§ **Your goal**:
Using only the entries below, copy exactly the lines that begin at the one with "La société dirigée" and end at the one with "2. Hình tròn, hình", both included. Drop the pictures.

§ **Excerpted records**:
::::
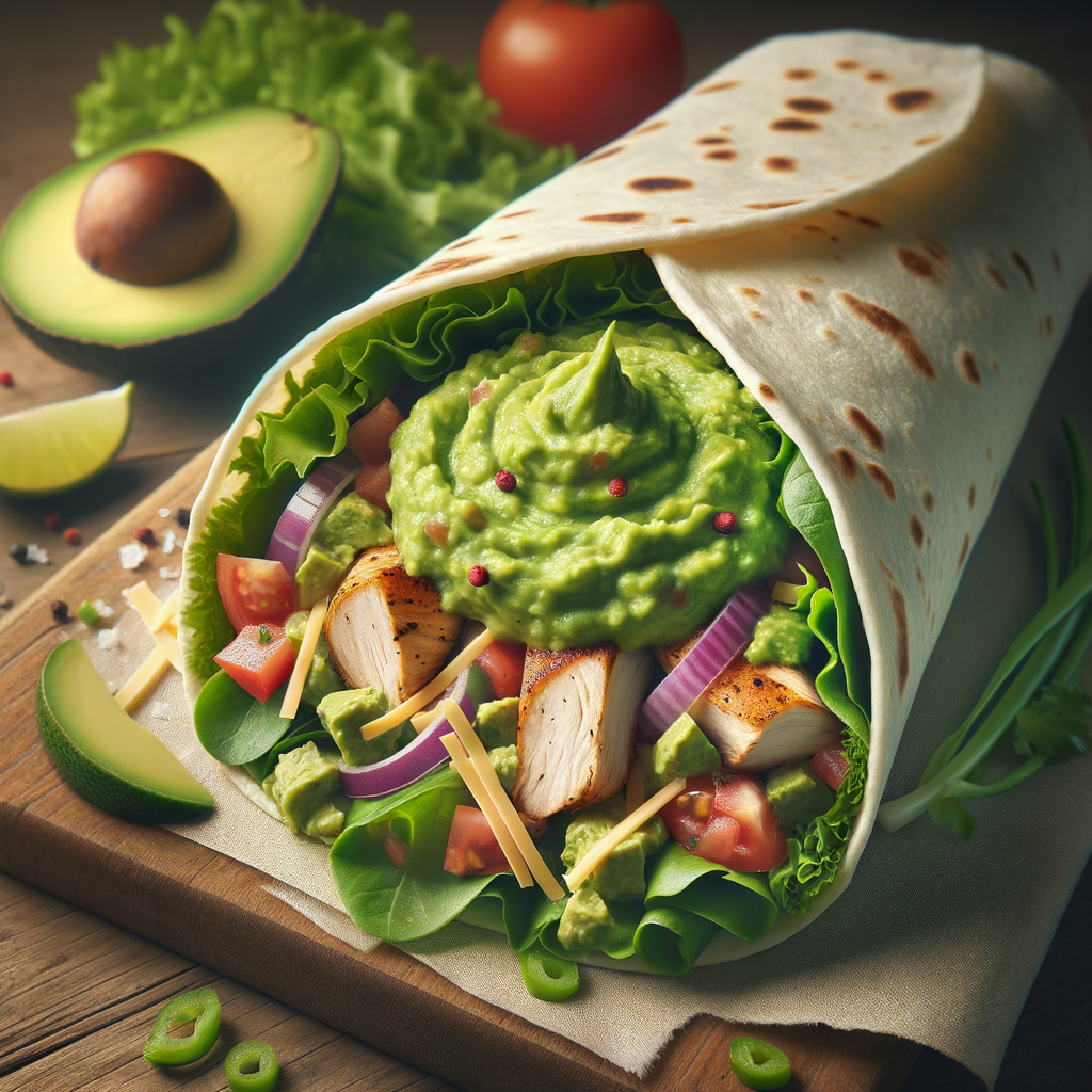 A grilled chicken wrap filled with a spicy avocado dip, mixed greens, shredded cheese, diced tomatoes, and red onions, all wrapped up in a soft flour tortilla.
::::
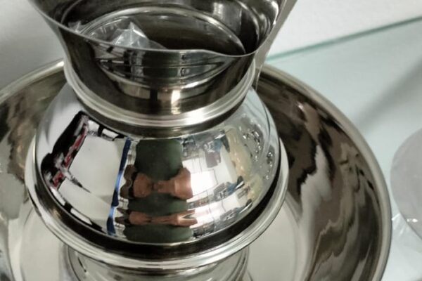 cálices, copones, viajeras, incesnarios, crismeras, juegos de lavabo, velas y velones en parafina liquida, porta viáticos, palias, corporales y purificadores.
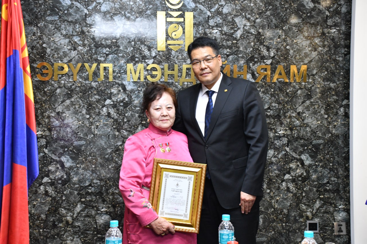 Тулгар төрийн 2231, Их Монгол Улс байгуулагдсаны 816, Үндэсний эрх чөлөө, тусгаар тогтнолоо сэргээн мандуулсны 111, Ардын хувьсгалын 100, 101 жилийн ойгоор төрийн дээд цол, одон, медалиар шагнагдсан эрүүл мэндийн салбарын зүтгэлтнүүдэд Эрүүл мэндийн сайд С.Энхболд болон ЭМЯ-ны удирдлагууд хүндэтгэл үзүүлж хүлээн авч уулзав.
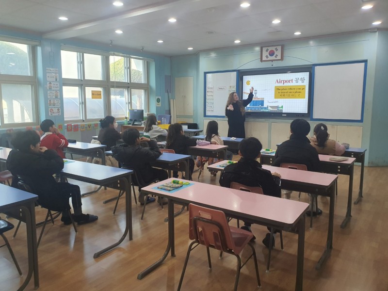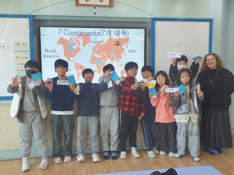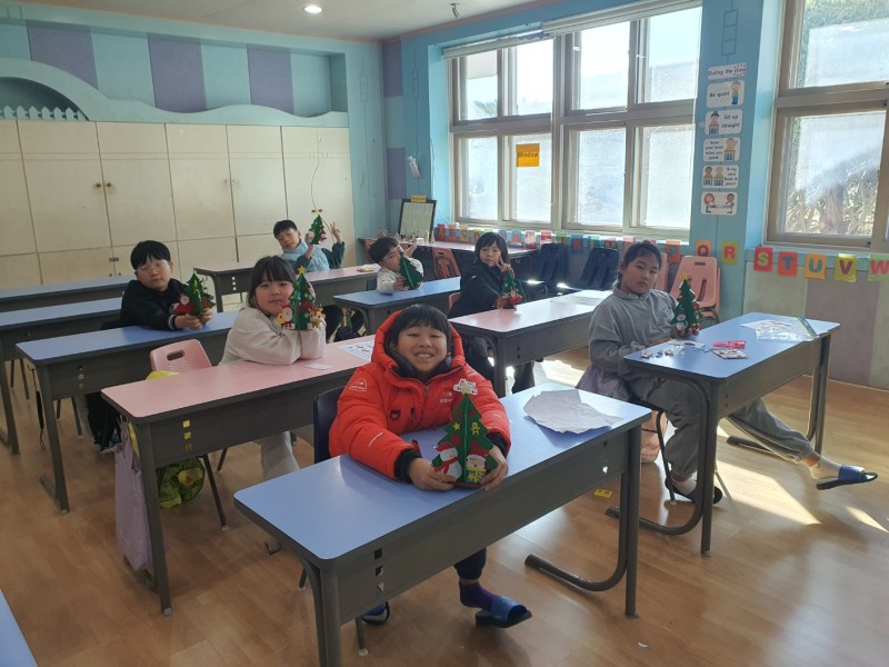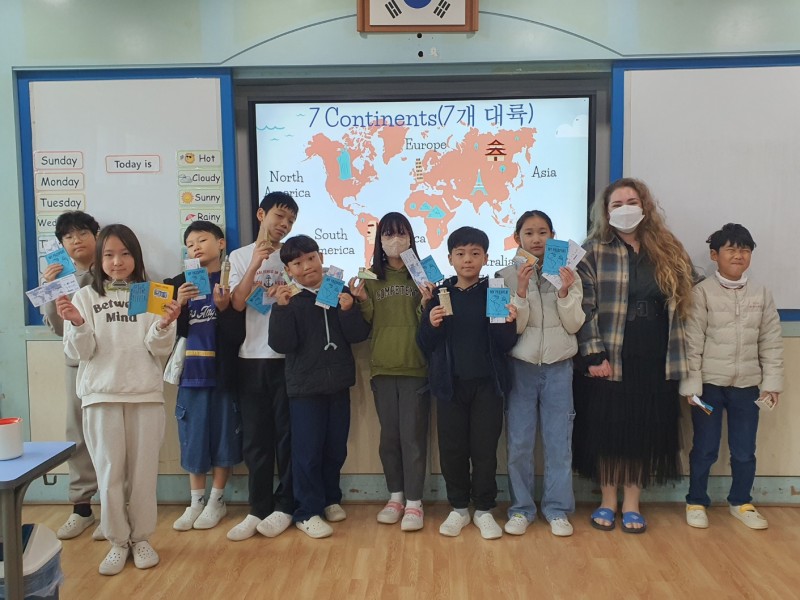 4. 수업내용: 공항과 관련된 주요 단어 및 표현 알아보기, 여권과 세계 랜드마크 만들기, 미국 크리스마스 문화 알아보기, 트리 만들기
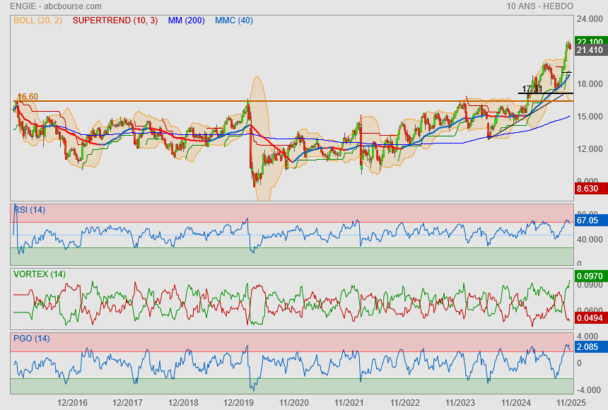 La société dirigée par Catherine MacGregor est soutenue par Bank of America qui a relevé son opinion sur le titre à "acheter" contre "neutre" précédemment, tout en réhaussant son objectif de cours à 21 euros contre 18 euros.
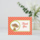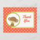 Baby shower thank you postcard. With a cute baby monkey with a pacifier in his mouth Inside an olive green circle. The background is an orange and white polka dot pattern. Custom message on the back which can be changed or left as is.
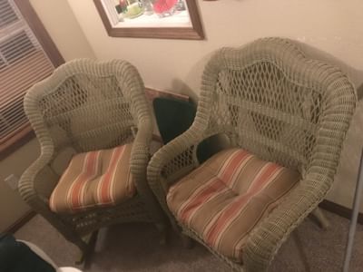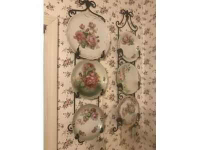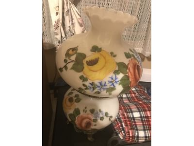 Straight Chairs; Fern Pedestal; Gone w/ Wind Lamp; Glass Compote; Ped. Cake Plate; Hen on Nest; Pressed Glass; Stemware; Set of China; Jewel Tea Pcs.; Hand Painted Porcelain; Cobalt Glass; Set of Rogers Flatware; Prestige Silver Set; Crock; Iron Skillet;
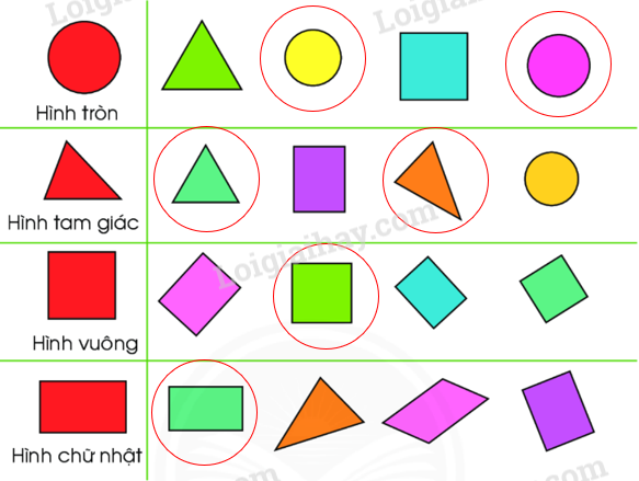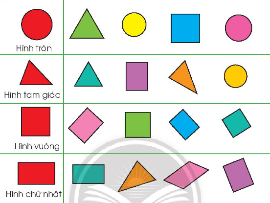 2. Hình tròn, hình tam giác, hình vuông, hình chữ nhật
::::
§ **Written solution**:
 La société dirigée par Catherine MacGregor est soutenue par Bank of America qui a relevé son opinion sur le titre à "acheter" contre "neutre" précédemment, tout en réhaussant son objectif de cours à 21 euros contre 18 euros.
 Baby shower thank you postcard. With a cute baby monkey with a pacifier in his mouth Inside an olive green circle. The background is an orange and white polka dot pattern. Custom message on the back which can be changed or left as is.
 Straight Chairs; Fern Pedestal; Gone w/ Wind Lamp; Glass Compote; Ped. Cake Plate; Hen on Nest; Pressed Glass; Stemware; Set of China; Jewel Tea Pcs.; Hand Painted Porcelain; Cobalt Glass; Set of Rogers Flatware; Prestige Silver Set; Crock; Iron Skillet;
 2. Hình tròn, hình tam giác, hình vuông, hình chữ nhật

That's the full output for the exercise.